The Prospect of a Federal Trade Secret Claim

The Prospect of a Federal Trade Secret Claim: Why Now and What Would It Mean For You
By Susan Hargrove and Kayla Marshall

Trade secrets constitute the only category of intellectual property that is governed primarily by state law. This status may soon change—two bills, House Bill 5233 and Senate Bill 2267 were introduced in Congress last term to create a federal cause of action for trade secret misappropriation. The proposed legislation would allow trade secret owners to bring a federal civil action if the trade secret is “related to a product or service used in, or intended for use in, interstate or foreign commerce.” 

Why the Current Press for Federalization?

Currently, 48 states and the District of Columbia have enacted some version of the Uniform Trade Secrets Act (UTSA).[1] The outliers, New York and Massachusetts recognize a common law claim for misappropriation and follow the Restatement of Torts for the key elements. Given that all states provide a cause of action for misappropriation of trade secrets, why is there now a push to enact federal legislation? Commonly promoted explanations include: 

  1. Misappropriation of trade secrets is expensive. According to the Center for Responsible Enterprise and Trade, the annual economic impact of trade secret theft is one to three percent of the United States’ Gross Domestic Product (GDP).
  2. There is bipartisan support for federal trade secret legislation during a time where there are few issues that inspire cooperation across the aisle. Penalizing and deterring theft of trade secrets does not appear to be controversial, at least as a big picture concept.
  3. Some proponents of federal legislation argue that it is needed to provide uniformity to trade secret law. Notably, however, there is little significant divergence among the various states’ interpretation and application of the UTSA. More to the point, both of the 2014 bills specifically state that they would not preempt state law, so the enactment of federal legislation would actually generate another level of authority along with the existing and developing state case law.  

What Would the Federal Legislation Change?  
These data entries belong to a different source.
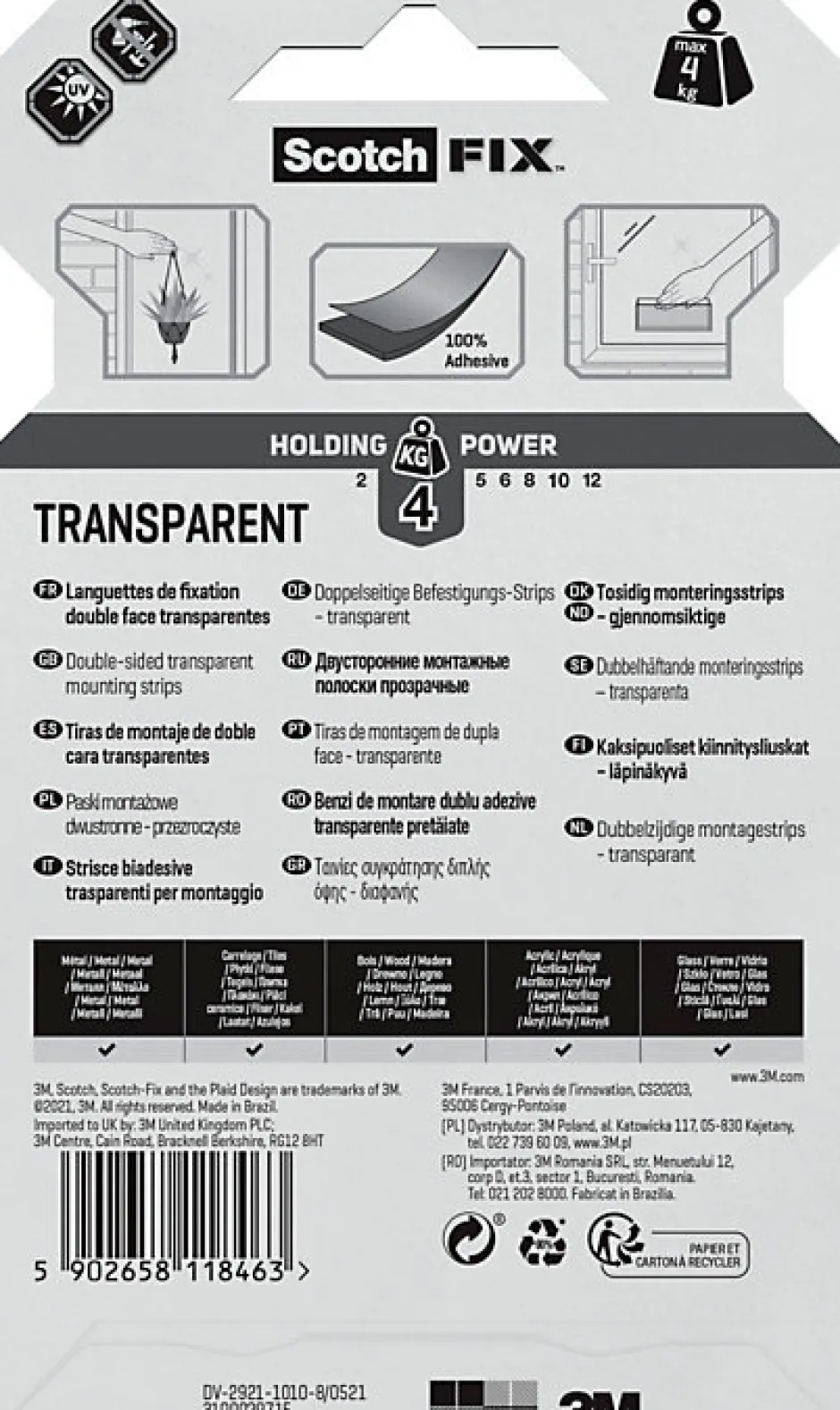 Double face Scotch Extrême 76 mm x 25 mm transparent, 8 pièces 4 kg
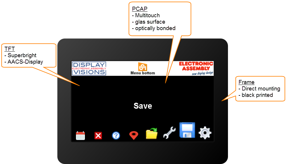 The EA uniTFTs-Series consists of a TFT/IPS-Display with LED backlight, driven by an integrated driving circuit, which is dimmable using software commands. In 24/7 operation the backlight can be dimmed automatically to increase the LED life-time and save energy. On the other hand brightness may rise to 150% for excellent readability even at direct sunlight. But it reduces life time of backlight.
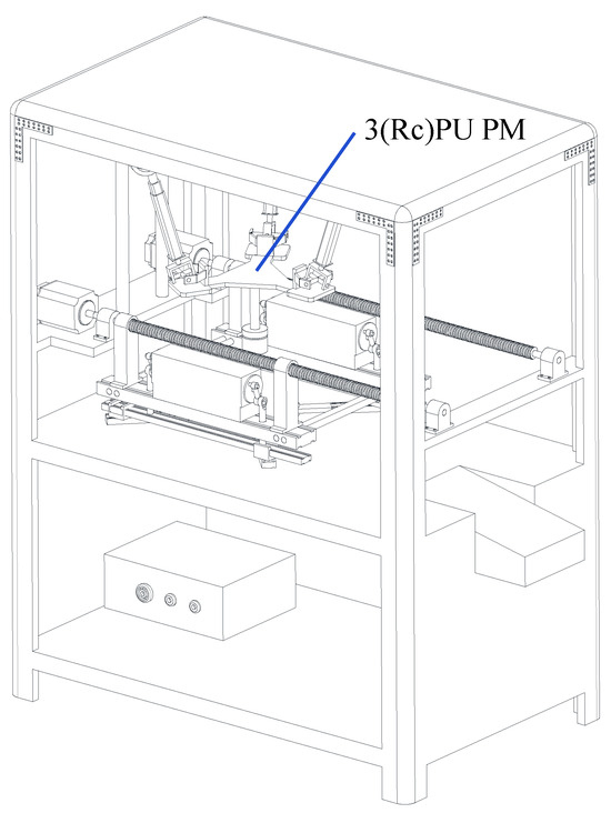 The various mobility configurations of the 3(Rc)PU PM increase its adaptability in tasks with multi-stages. Figure 5 shows a concept of a reconfigurable production center by installing the 3(Rc)PU PM into the production platform to produce products of different specifications to meet the individual needs of the customer. When the product is relatively complex, the reconfigurable production center can be configured as 5-DOF or 6-DOF to perform the task; when the product is relatively simple, in order to avoid consuming a lot of energy, the reconfigurable production center can be configured as 3-DOF to complete the corresponding production actions. The reconfigurable production center would provide different solutions for the productive process of products.
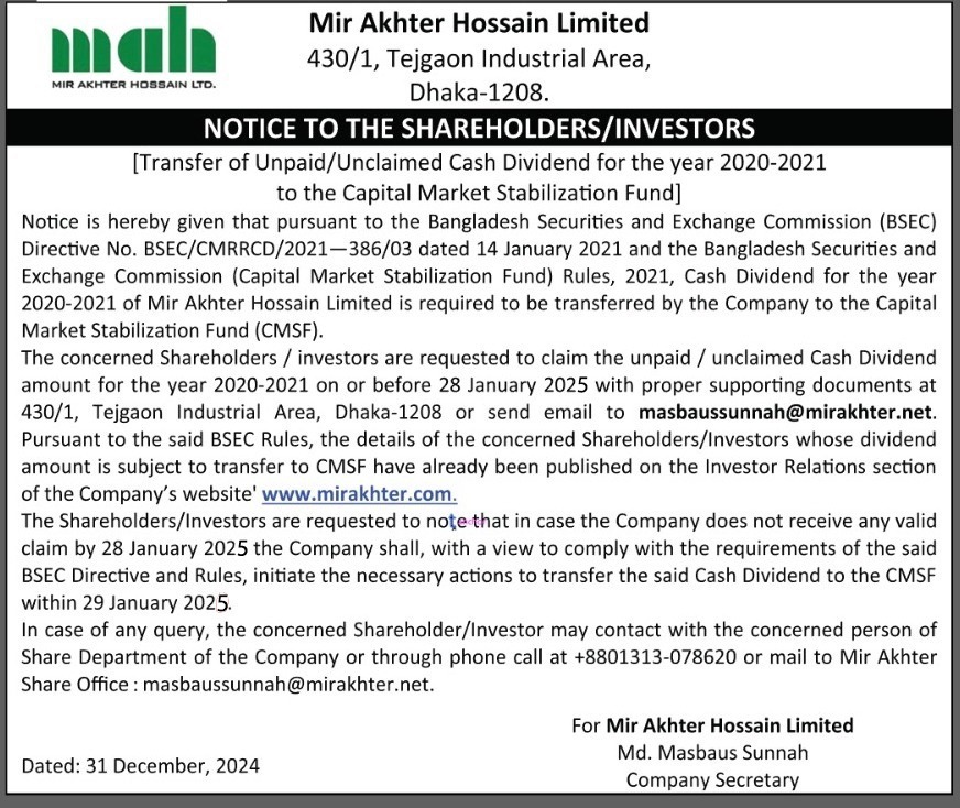 Notice to the Shareholders/Investors of Mir Akhter Hossain Ltd.
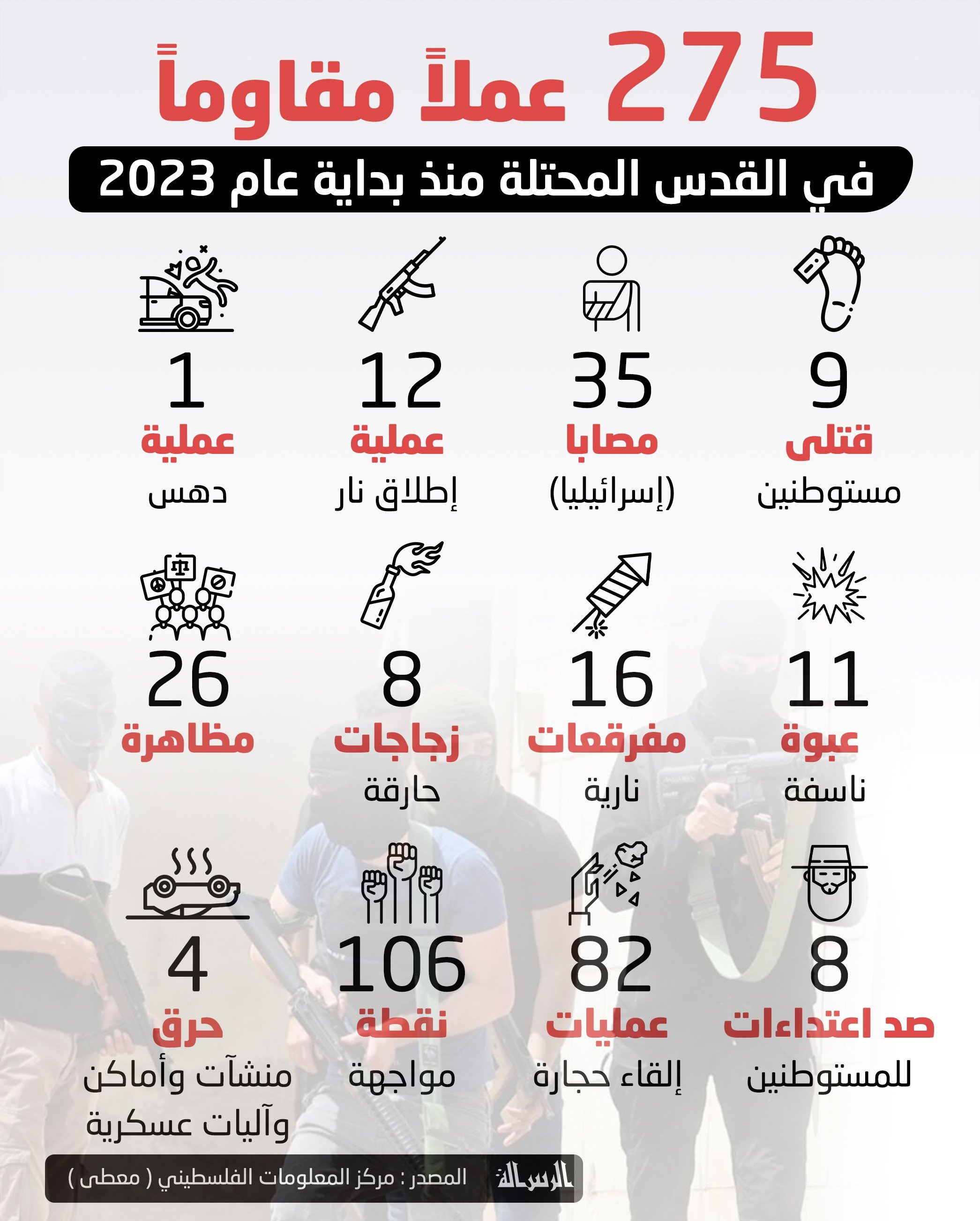 275 عملاً مقاوماً في القدس المحتلة منذ بداية عام 2023
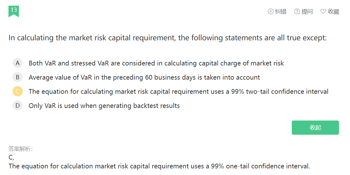 Qin同学,VAR值计算都是单尾哈,巴塞尔那一部分基本上都是关于VAR值的要求,所以如果遇到VAR的要求都是单尾哈,双尾的话二级确实少见,很少遇到
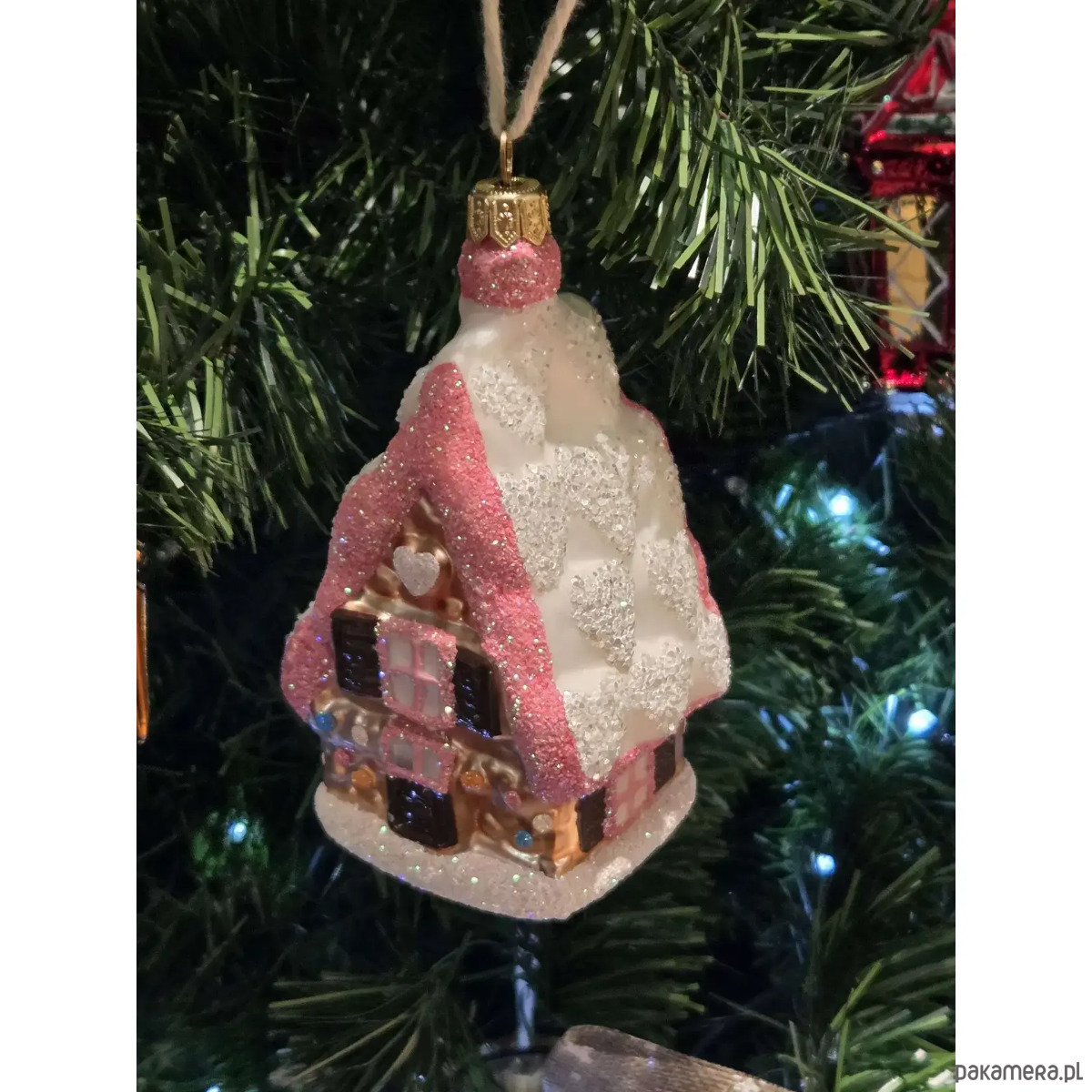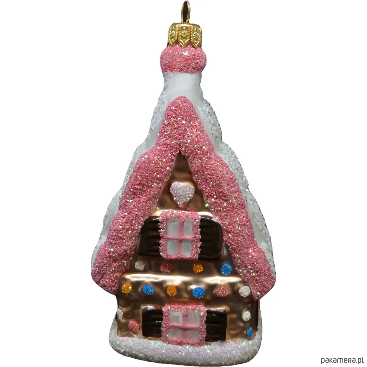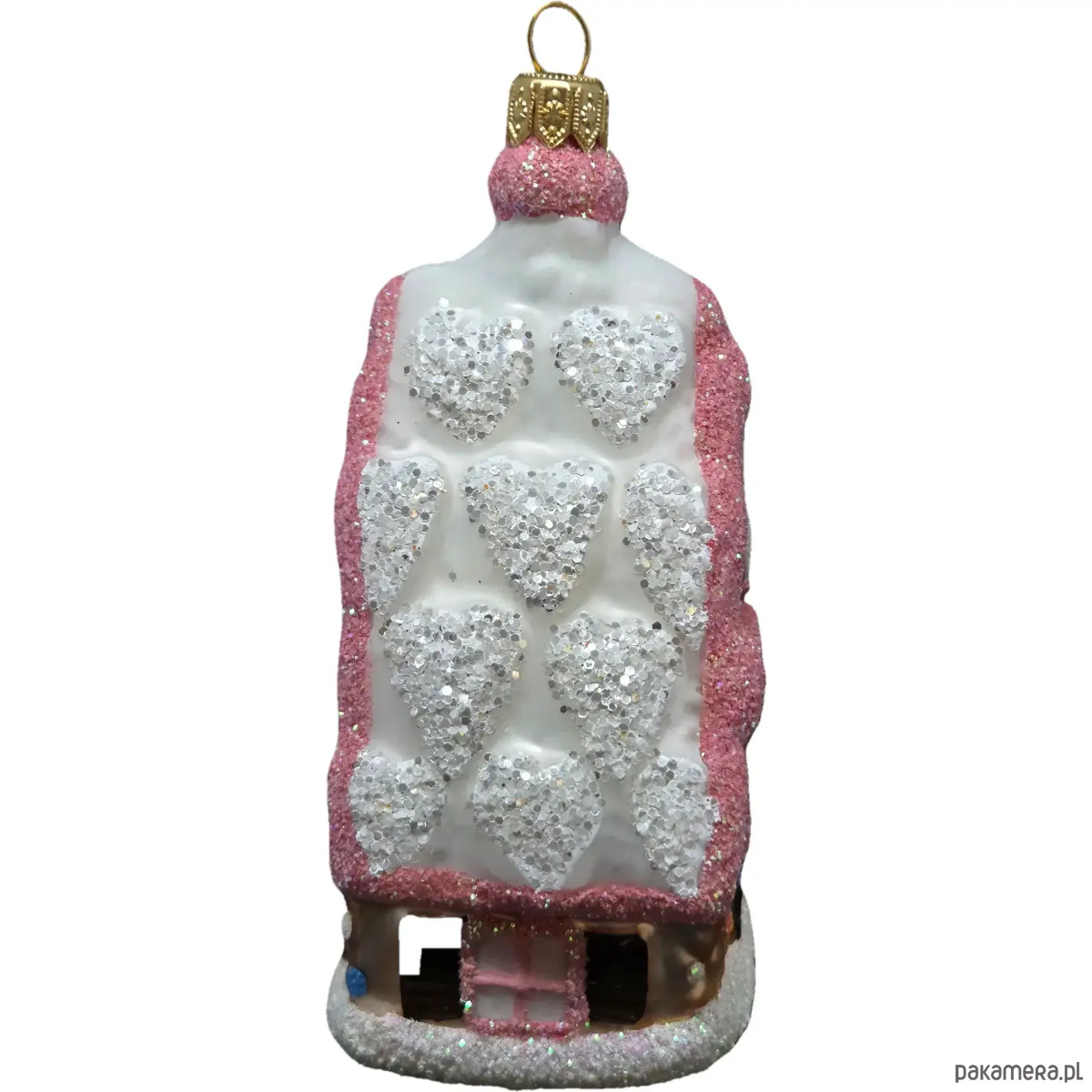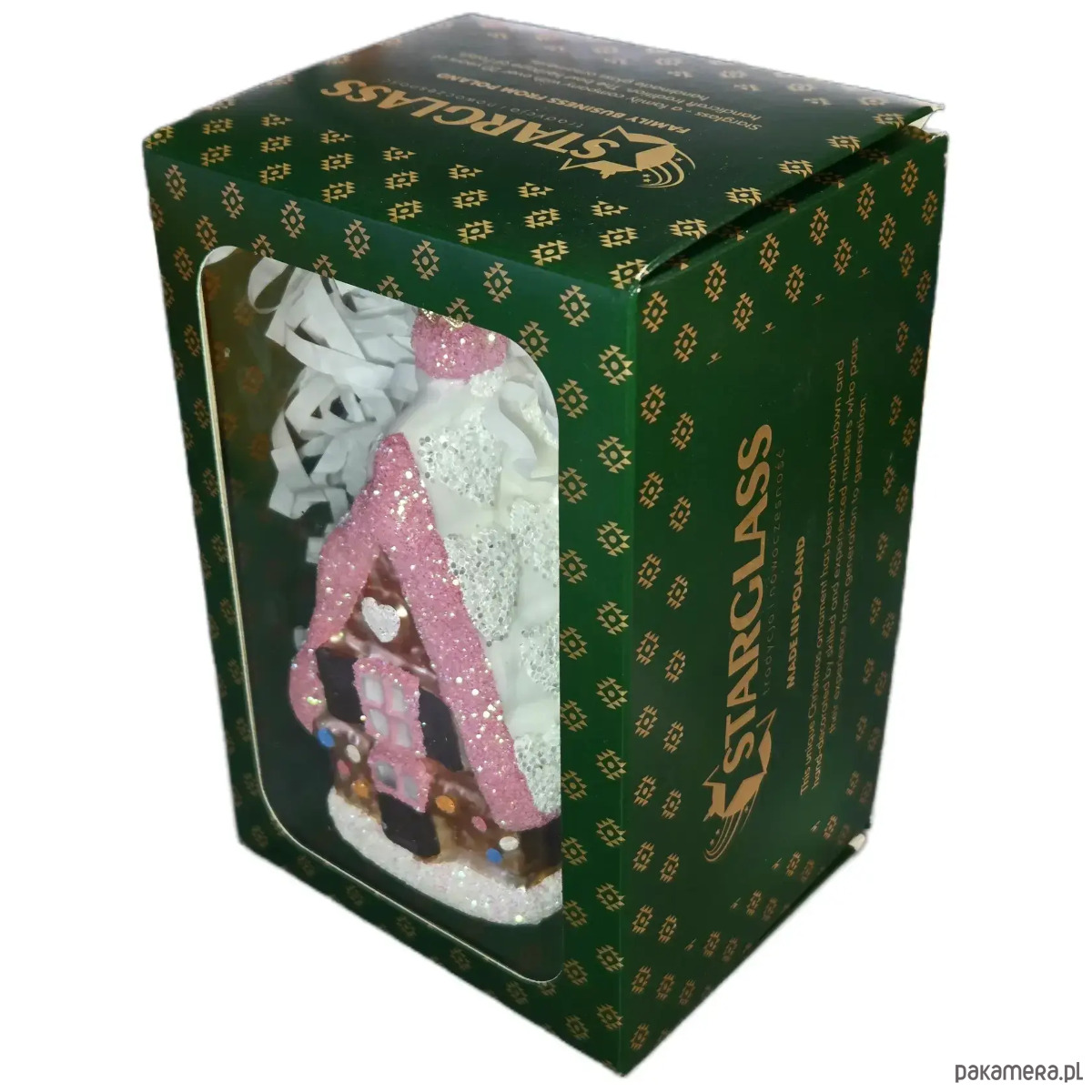 Ręcznie Malowana Szklana Bombka Biało-Różowy Domek Piernikowy
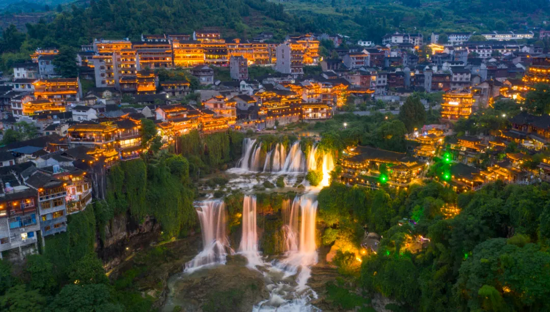 Furong Town Waterfall is located in Furong Town, near the core of the Youshui River. It is more than 20 meters wide, and about 30 meters high. Some people say Furong Town is a millennium-old town hanging on the waterfall. Visitors can pass through the waterfall into Tujia stilted buildings, which is very mysterious.
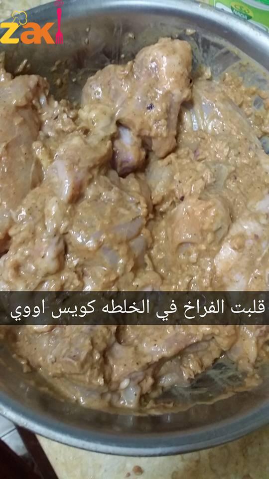 بتقطعي الفراخ قطع صغيره تشيلي الجلد وتعملي الخلطه إلى فى الصور وتحطي الفراخ جواها وبعدين تخليها اربع ساعات أو من بليل وبعدين تطلعيها من الخلطه تحطيها بالدقيق المضاف إليه ملح وفلفل وتطلعيها في زيت ساخن غزير وتوطي الحراره جدا وتغطي عليها بعد 10دقائق ترفعي الغطا وتشوفي إذا حمرت اقلبيها وغطي لغايه ماتحمر من الجنب الثاني

The definition of a trade secret provided by the proposed legislation (incorporating that of the Economic Espionage Act) is similar to the definition provided by the UTSA. Therefore, it is unlikely that the type of information that is protected will change. Based on the 2014 draft bills, the changes you can expect from a federal bill would include:

  1. Providing subject matter jurisdiction for a trade secret claim in federal court. North Carolina provides trade secret litigants access to a business court with a judiciary dedicated to complex commercial cases. For jurisdictions without this opportunity, the ability to bring a trade claim in federal court is especially significant.
  2. An extended Statute of Limitations. The limitations period in each 2014 bill is five years after the date on which the misappropriation is discovered. This is two years longer than North Carolina’s Statute of Limitations, giving businesses more time to file a claim.
  3. A new opportunity for expedited relief. Proposed federal law would expand the scope of available emergency relief to an aggrieved trade secret owner, creating a right of ex parte seizure to the extent necessary to preserve evidence or to prevent dissemination of the trade secret. The House version of the bill imposes additional safeguards to the exercise of an ex parte seizure order, including requiring the requesting party to show that a Rule 65 restraining order would be ineffective. However, it may be that the prospect of ex parte seizure will create an atmosphere of deterrence that will itself provide greater protection for businesses’ trade secrets. 

Wake-up Call to Businesses

The current high level of buzz surrounding the expansion of the protection of trade secrets deserves attention. Too often businesses are caught in a reactive mode during the expedited chain of events that is triggered by the suspicion of misappropriation. Both existing and proposed laws protecting trade secrets mandate that the trade secret owner specifically identify its trade secret information and demonstrate that it has taken reasonable steps to safeguard its confidentiality. Time spent thoroughly performing this evaluation on the front-end will maximize the opportunity to enforce a company’s trade secret rights when the emergency arises.

[1] Though North Carolina has not adopted the UTSA, it has implemented a modified version with the same key principles.